Valuing ecosystem services is messy business. A valuation exercise must first clarify the philosophical framework used. The ecosystem services described in the Millennium Ecosystem Assessment (MA) clearly align with the anthropocentric and utilitarian philosophy adopted by mainstream economists (MA 2003). This philosophical origin is important for understanding the MA’s definition of ecosystem services. Recall that the MA defines ecosystem services as “the benefits that people obtain from ecosystems” (MA 2003). If ecosystem services are defined as benefits to people, then one must review how economists conceive of benefits.

Economists define benefits in terms of willingness to pay and consumer surplus.
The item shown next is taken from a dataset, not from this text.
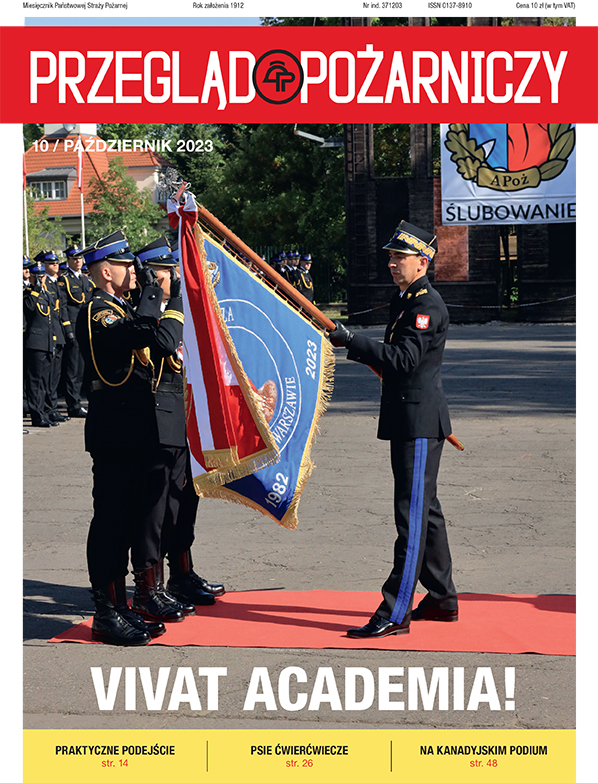 Przełom września i października to szczególny czas dla studentów. Rozpoczyna się kolejny rok akademicki i kolejny etap w ich naukowym i zawodowym życiu. Do tego grona zaliczają się także młodzi adepci pożarnictwa zdobywający wiedzę na uczelni kształcącej oficerów PSP i specjalistów cywilnych. A jednak początek jesieni roku akademickiego 2023/2024 był wyjątkowy dla wszystkich związanych z Akademią Pożarniczą. No właśnie – już akademią, nie szkołą główną. Akt zmiany nazwy, niosący zmianę statusu i otwarcie nowych możliwości został uroczyście domknięty przez nadanie uczelni sztandaru. Ten moment uwieczniło wiele aparatów fotograficznych, a zatrzymaną w kadrze wielką chwilę można podziwiać na naszej okładce.

This description of benefits slightly diverges from everyday usage. As a result, users of the ecosystem services framework have attributed values to ecosystem functions that are misplaced. Proponents of ecosystem services frequently confuse avoided costs with benefits. The difference between these concepts is clear when one considers that the expenses associated with an infrastructure project are totally independent from the factors that determine willingness to pay or consumer surplus. Nevertheless, the confusion between avoided costs and benefits has persists.

The avoided cost method of valuation, if it can be considered a valuation method at all, estimates the value of an ecosystem service by calculating the cost of a human made substitute. The value of a wetland, for example, would be the cost of constructing and maintain a sewage treatment plant that performed similar services. This mistaken logic is even used in the well known example of drinking water in New York City. In the 1990s New York City water managers needed to improve the quality of its drinking water to meet new EPA standards. The initial proposal planned for the construction of a new filtration plant at the cost of USD $6 to $8 billion, plus $300 million per year in maintenance (Chichilnisky & Heal 1998, National Research Council 2000). But city officials found it cheaper to invest in the protection of the Catskill watershed at only a fraction of the cost. The intellectual inconsistency is to claim that the value of the ecosystem service was the avoided cost of constructing the filtration plant, or the difference between the planned expense and the watershed management plan. Such a claim incorrectly adds expected costs to the benefits ledger. There is no question that the watershed protection approach used by New York City officials was a win-win solution for land conservation and municipal finance. This criticism only clarifies what may fairly be considered a quantifiable benefit of an ecosystem function.

The hydrologic service of “water damage mitigation” cited by Kate Brauman and colleagues (2007) is another example that confounds benefits and avoided costs. Flood damage is a cost associated with land development. When homeowners pay to repair damage after a flood, they are paying a cost associated with living near a river or the cost of increased peak flows provoked by impervious surfaces upstream. If homeowners more pay more or less, these expenses should not influence the benefits associated with river protection. The distinction between costs and benefits are critical, and yet this distinction is confused by distinguished leaders in the field publishing in well respected journals (Brauman et al. 2007).

The confusion between benefits and avoided costs is perhaps the most common mistake in the current discussion on ecosystem services. However this distinction should be made clear to maintain consistency and improve academic rigor. This may result in reducing the “benefits” frequently attributed to ecosystem services. The danger in this confusion is that proponents of ecosystem services are inadvertently overstating the value of ecosystem services.